Data -
-*-*-
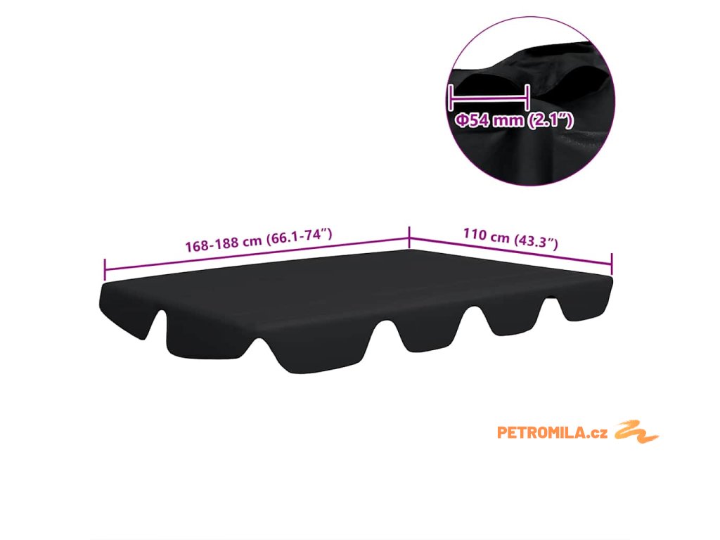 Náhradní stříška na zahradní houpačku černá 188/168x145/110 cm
-*-*-
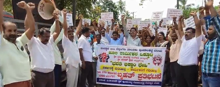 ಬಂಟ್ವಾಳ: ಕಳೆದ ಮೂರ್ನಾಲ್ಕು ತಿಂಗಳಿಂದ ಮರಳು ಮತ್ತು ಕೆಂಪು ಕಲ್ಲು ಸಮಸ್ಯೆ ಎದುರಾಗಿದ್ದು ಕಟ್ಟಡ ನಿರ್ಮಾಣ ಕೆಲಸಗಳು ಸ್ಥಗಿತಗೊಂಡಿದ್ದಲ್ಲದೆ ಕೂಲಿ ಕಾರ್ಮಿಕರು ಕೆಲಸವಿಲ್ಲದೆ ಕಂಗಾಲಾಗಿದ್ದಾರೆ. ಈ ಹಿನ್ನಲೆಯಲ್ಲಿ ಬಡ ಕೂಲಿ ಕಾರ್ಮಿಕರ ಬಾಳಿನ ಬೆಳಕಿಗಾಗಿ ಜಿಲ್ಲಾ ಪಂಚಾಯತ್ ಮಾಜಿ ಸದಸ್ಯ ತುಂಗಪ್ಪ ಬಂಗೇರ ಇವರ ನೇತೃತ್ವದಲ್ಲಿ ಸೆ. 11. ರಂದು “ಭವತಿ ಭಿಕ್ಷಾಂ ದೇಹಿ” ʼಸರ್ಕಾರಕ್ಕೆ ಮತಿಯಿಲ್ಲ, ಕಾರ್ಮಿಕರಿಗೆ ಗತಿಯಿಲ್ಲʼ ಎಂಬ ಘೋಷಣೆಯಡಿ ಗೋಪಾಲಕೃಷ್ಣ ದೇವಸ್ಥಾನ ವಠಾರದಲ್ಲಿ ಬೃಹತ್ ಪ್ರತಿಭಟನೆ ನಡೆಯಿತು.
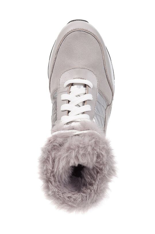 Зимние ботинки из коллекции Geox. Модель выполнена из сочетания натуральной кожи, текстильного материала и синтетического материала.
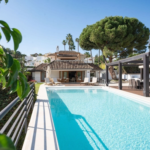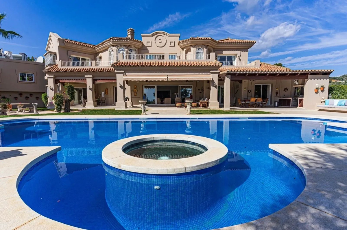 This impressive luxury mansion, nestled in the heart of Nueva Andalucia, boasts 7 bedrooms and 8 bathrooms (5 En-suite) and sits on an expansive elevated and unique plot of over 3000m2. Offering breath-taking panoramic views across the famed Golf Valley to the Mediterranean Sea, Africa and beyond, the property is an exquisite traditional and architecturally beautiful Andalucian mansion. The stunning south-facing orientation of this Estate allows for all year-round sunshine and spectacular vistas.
-*-*-
Exercise brief - The lines to copy exactly start with the line above that has "Зимние ботинки из" and go on through the line that has "This impressive luxury"; please include both, add nothing else, and omit the pictures.

Response below -
 Зимние ботинки из коллекции Geox. Модель выполнена из сочетания натуральной кожи, текстильного материала и синтетического материала.
 This impressive luxury mansion, nestled in the heart of Nueva Andalucia, boasts 7 bedrooms and 8 bathrooms (5 En-suite) and sits on an expansive elevated and unique plot of over 3000m2. Offering breath-taking panoramic views across the famed Golf Valley to the Mediterranean Sea, Africa and beyond, the property is an exquisite traditional and architecturally beautiful Andalucian mansion. The stunning south-facing orientation of this Estate allows for all year-round sunshine and spectacular vistas.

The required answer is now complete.